# Data
--- --- ---
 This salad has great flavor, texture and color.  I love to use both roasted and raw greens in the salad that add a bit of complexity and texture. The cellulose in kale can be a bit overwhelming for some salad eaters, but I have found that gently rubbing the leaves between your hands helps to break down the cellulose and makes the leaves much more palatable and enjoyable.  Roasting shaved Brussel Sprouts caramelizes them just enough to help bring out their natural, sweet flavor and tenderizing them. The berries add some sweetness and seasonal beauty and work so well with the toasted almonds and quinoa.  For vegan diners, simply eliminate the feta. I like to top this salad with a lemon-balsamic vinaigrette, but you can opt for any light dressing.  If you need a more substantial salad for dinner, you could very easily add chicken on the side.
--- --- ---
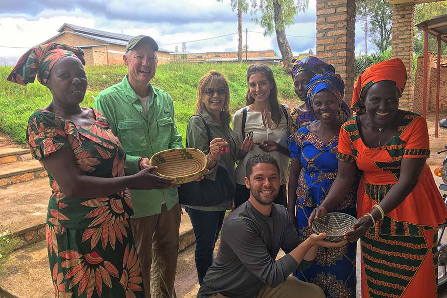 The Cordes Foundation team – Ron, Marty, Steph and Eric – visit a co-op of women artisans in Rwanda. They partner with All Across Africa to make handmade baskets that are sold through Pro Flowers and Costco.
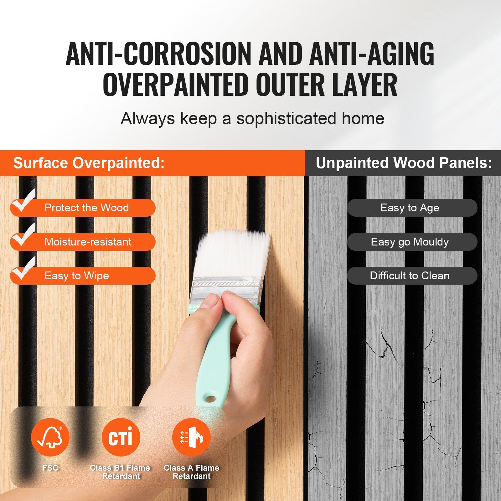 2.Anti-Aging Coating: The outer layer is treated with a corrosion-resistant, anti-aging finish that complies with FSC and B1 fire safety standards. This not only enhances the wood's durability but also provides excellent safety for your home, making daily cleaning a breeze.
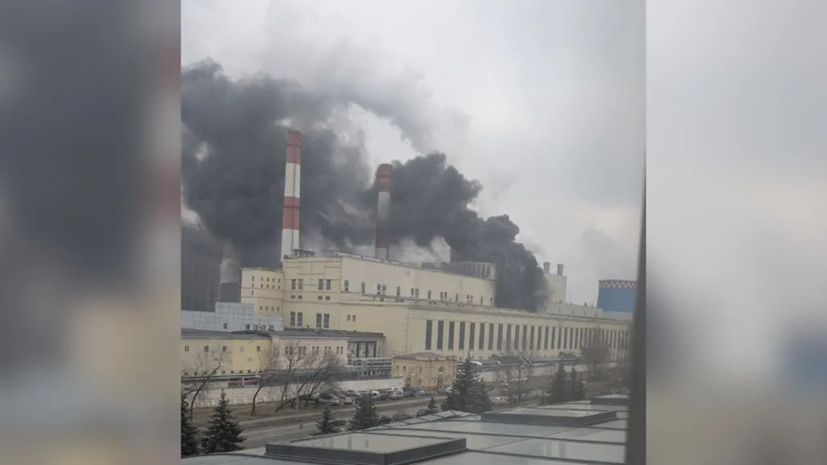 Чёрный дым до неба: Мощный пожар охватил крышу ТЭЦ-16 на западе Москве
--- --- ---
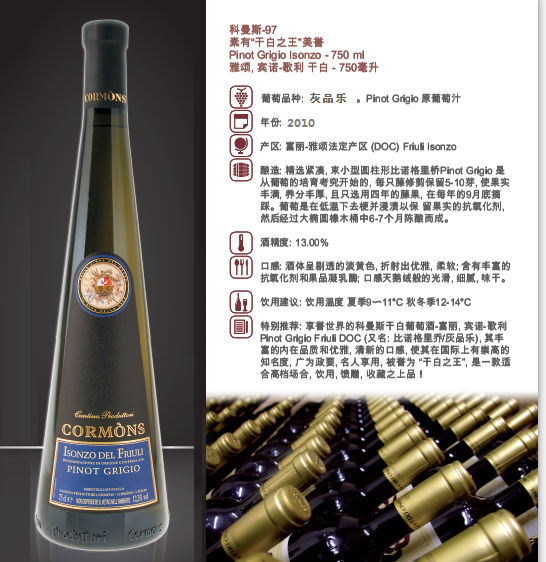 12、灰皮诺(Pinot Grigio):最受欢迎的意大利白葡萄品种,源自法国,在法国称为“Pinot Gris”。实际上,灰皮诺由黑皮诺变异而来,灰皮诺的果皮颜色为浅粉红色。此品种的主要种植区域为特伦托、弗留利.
--- --- ---
# Exercise objective
Pictures excluded, give again exactly and only the lines of the material above from the line with "2.Anti-Aging Coating: The" through the line with "Чёрный дым до".

# Task result
 2.Anti-Aging Coating: The outer layer is treated with a corrosion-resistant, anti-aging finish that complies with FSC and B1 fire safety standards. This not only enhances the wood's durability but also provides excellent safety for your home, making daily cleaning a breeze.
 Чёрный дым до неба: Мощный пожар охватил крышу ТЭЦ-16 на западе Москве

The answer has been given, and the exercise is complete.